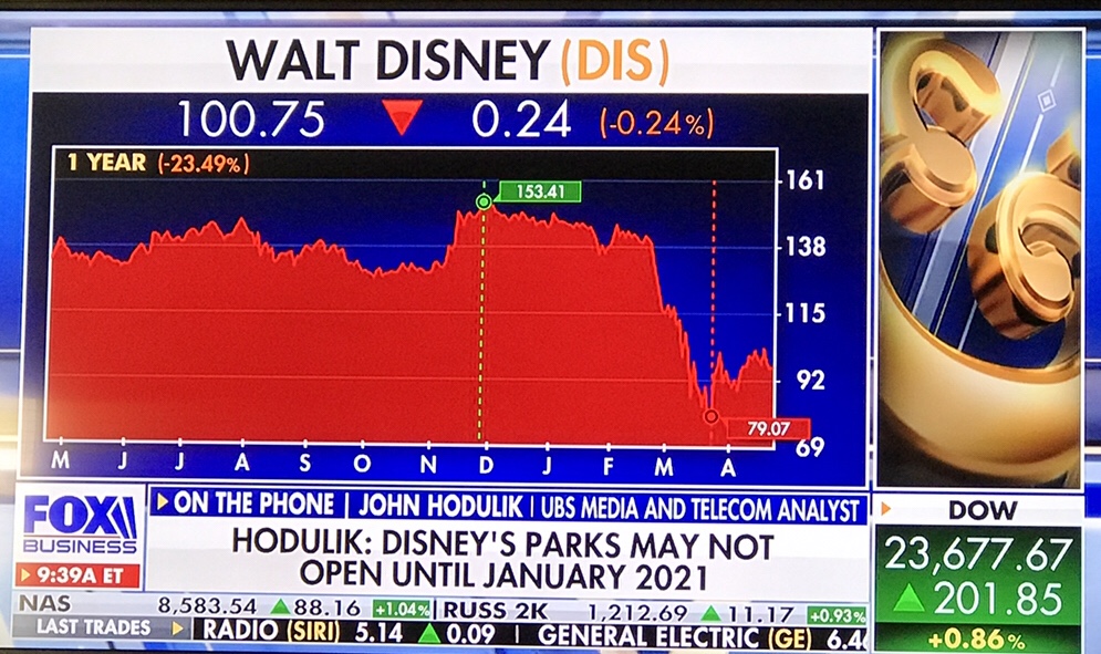 Stock Market Analyst Says Disney Theme Parks May Not Open Until January 2021 Richard LawApril 23, 2020General Reading Post navigation PreviousNext Share this: Email a link to a friend (Opens in new window) Email Print (Opens in new window) Print Share on X (Opens in new window) X Share on Facebook (Opens in new window) Facebook Share on Pinterest (Opens in new window) Pinterest Like Loading... Related
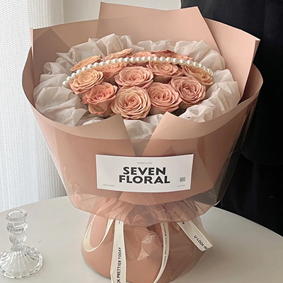 【难忘旧时光】精选13枝卡布奇诺玫瑰,1条珠串,白色纸内衬,同色系小香风包装。
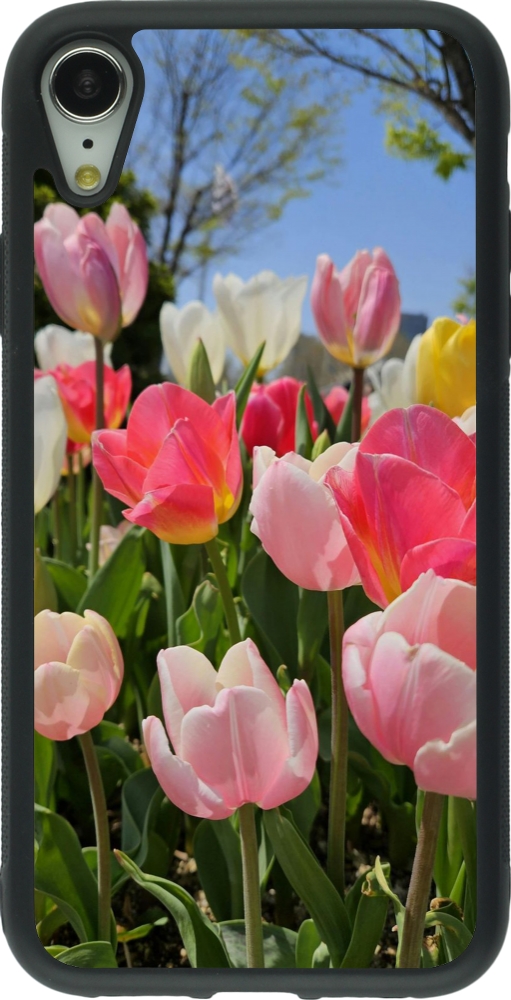 Coque iPhone XR - Silicone rigide noir Tulips Spring 2026
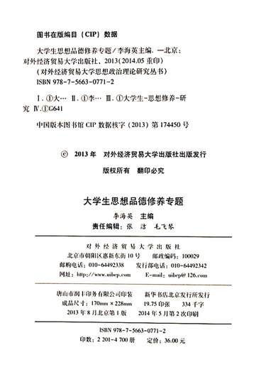 大学生思想品德修养专题/对外经济贸易大学思想政治理论研究丛书
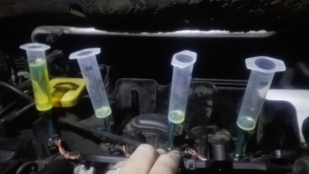Abych to dokončil :) Napadlo mě, když už to neumí diagnosticky změřit korekce, že vlastně můžu udělat přepadový test vstřikovačů. Tento výsledek nastal po cca pětivteřinovém chodu motoru na volnoběh:

Instructions for the task » Each line above should be printed again exactly, though the pictures should not be.

Answer for this exercise »
 Stock Market Analyst Says Disney Theme Parks May Not Open Until January 2021 Richard LawApril 23, 2020General Reading Post navigation PreviousNext Share this: Email a link to a friend (Opens in new window) Email Print (Opens in new window) Print Share on X (Opens in new window) X Share on Facebook (Opens in new window) Facebook Share on Pinterest (Opens in new window) Pinterest Like Loading... Related
 【难忘旧时光】精选13枝卡布奇诺玫瑰,1条珠串,白色纸内衬,同色系小香风包装。
 Coque iPhone XR - Silicone rigide noir Tulips Spring 2026
 大学生思想品德修养专题/对外经济贸易大学思想政治理论研究丛书
Abych to dokončil :) Napadlo mě, když už to neumí diagnosticky změřit korekce, že vlastně můžu udělat přepadový test vstřikovačů. Tento výsledek nastal po cca pětivteřinovém chodu motoru na volnoběh:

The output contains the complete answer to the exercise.